Life of Pi, Martel's second book, was published on September 11, 2001 and was given the Man Booker Prize in 2002, among other prizes, and became a best-selling book in several countries, with 61 weeks on The New York Times Bestseller List. Martel had been in New York the previous day and was scheduled to publish his book in Toronto on the evening of the tenth. After reading a review of Brazilian author Moacyr Scliar's novella Max and the Cats in The New York Times Book Review, he was inspired in part to write a story about sharing a lifeboat with a wild animal. The Brazilian press had initially chastised Martel for failing to consult with Scliar. Martel said he could not have stolen from a job he had not read at the time, and he readily admitted being influenced by the New York Times' review of Scliar's life and thanked him in the Author's Note of Life of Pi. Life of Pi was later selected for the 2003 edition of the CBC Radio's Canada Reads competition, where author Nancy Lee championed the initiative. In addition,, Histoire de Pi, the French translation, was included in the Le combat des livres, the French version of the competition that was praised by singer Louise Forestier.

In 2002, Martel was the Samuel Fischer Visiting Professor at the Free University of Berlin, where he taught a course named "The Animal in Literature"; From September 2003 to September 2003 as the Saskatoon Public Library's writer-in-residence, he spent a year in Saskatoon, Saskatchewan. On a piece for piano, string quartet, and bass, he collaborated with Omar Daniel, composer-in-residence at the Royal Conservatory of Music in Toronto. You Are Where You Are is a website that publishes text based on Martel's text, which includes portions of cellphone conversations taken from moments of an ordinary day.

Martel was a visiting scholar at the University of Saskatchewan from 2005 to 2007.

Beatrice and Virgil, his third book, came out in 2010. The piece is an allegorical interpretation of the Holocaust, attempting to explore this period not through the lens of historical investigation but rather through imaginative synthesis. A writer, a taxidermist, and two stuffed animals include a red howler monkey and a donkey, making the story's main characters.

Martel ran a book club from 2007 to 2011, with Stephen Harper, Canada's then Prime Minister, handing the Prime Minister of Canada, a book every two weeks, a total of more than a hundred novels, poetry collections, graphic novels, and children's books. In 2012, 101 Letters to a Prime Minister were published as a book. The book's inspiration for their giving books to Prime Minister Donald Tusk was provided by their publishers and chosen by readers of the journal, according to his article. Tusk responded positively.
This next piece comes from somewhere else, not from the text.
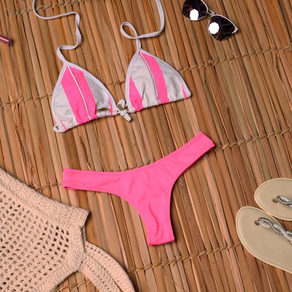 BIQUÍNI CORTININHA LISTRADO ROSA NEON COM CALCINHA ROSA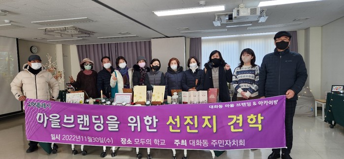 한편, 견학에 참여한 신태관 주민자치회 기획홍보분과장은 “이번 모두의학교 견학을 통해 대화동 고유정체성을 확립하고 대화동만의 차별화된 마을콘텐츠를 구축하기 위한 주민 맞춤형 마을브랜드화 사업을 구상하는 시간을 가질 수 있었던 것 같아 좋았다.”라고 소감을 밝혔다.

In 2014, Martel was accepted to be a Fellow of the Royal Society of Literature. He served on the Board of Governors of the Saskatoon Public Library from 2010 to 2015.

On February 2, 2016, his fourth book, The High Mountains of Portugal, was published. It tells of three characters in Portugal's three distinct time periods, who live and die each in their own way. Within the first month of its debut, it became the first bestseller list in The New York Times.